Sales for existing homes fell again in June, according to the National Association of Realtors. They declined by 5.1%, after a 2.2% drop in May. This might not seem surprising, since the home buyer credit ended way back in April, and lots of demand died with it. But the NAR's data doesn't fully take this into account, since it includes only completed sales, while the credit's rules only required sales to have begun by the end of April. If mortgage applications for purchases, which are more forward looking, are any indication, we should see a much steeper drop throughout the rest of the summer months. But let's see what else the NAR's report for June reveals.

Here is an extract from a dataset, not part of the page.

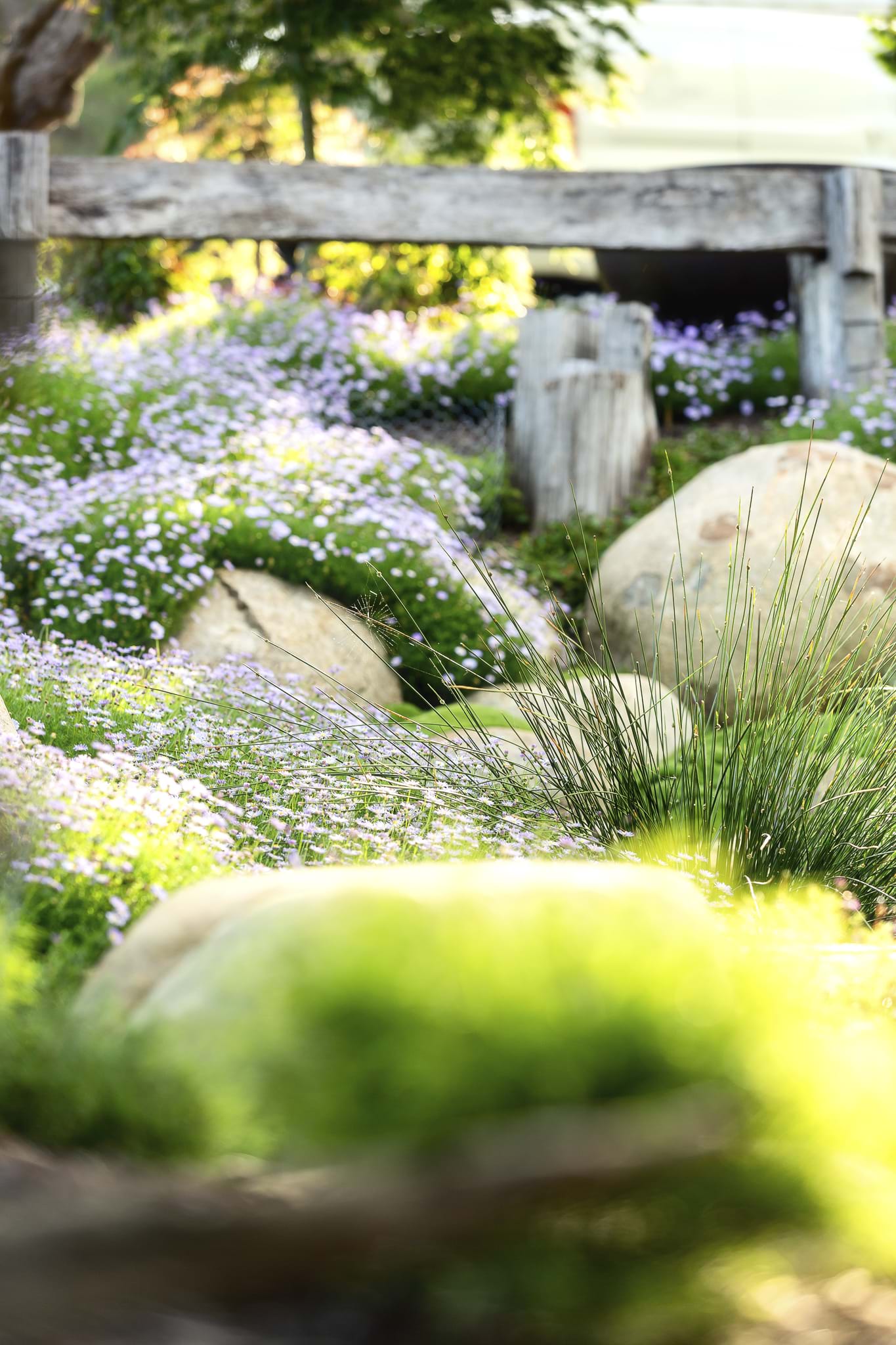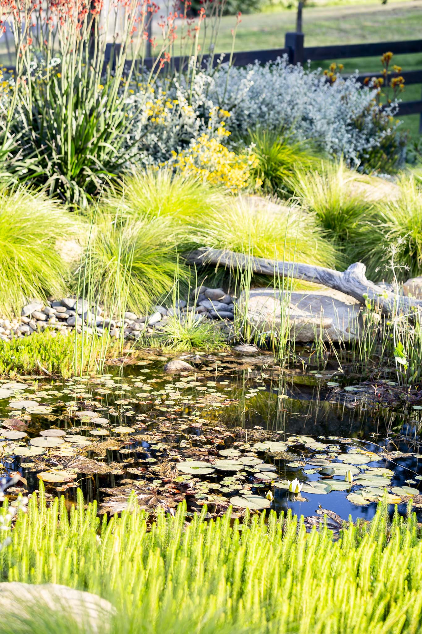 This one part of the garden is a natural flowing creek and billabong gathering water run off from the upper areas of the property and paddocks, the water flows down through the creek filled with semi aquatic plants that look ascetically pleasing, provide a natural area for habitat as well as filter and clean the water. Complete with recycled railway sleeper bridge, large rounded river pebbles, logs and aquatic plants the garden is a wonder view as you enter and exit the property. A popular water hole for local fauna attracting birds, frog’s dragon flyers and may other critters. The rustic garden art provides interest and focal points.

First, it's always nice to put the recent data into perspective through a chart:
You can see that, although sales declined compared to May, June sales were still higher than they were a year earlier, up 9.8%. But they don't have to fall much further to hit 2010 lows. That will happen if they dip below the annualized rate of 5 million. In June, the rate was 5,370,000.
Inventory is also quite relevant when judging housing market health. It increased in June by 2.5%. A rise was expected, given that sales declined while foreclosures remained high. Here's the chart:
You can see that inventory is approaching a new high. If sales decline throughout the rest of the summer as predicted, we'll probably see a new level hit.
But home prices continued to defy logic in June. Even though sales declined and inventory rose, the median price of an existing home increased by 5.2% in June, to $183,700 from $174,600 in May. June marked the fourth consecutive monthly price increase. This probably indicates that banks are doing a good job of managing supply. But if a deeper dip in sales and steeper rise in inventory could quickly change this trend.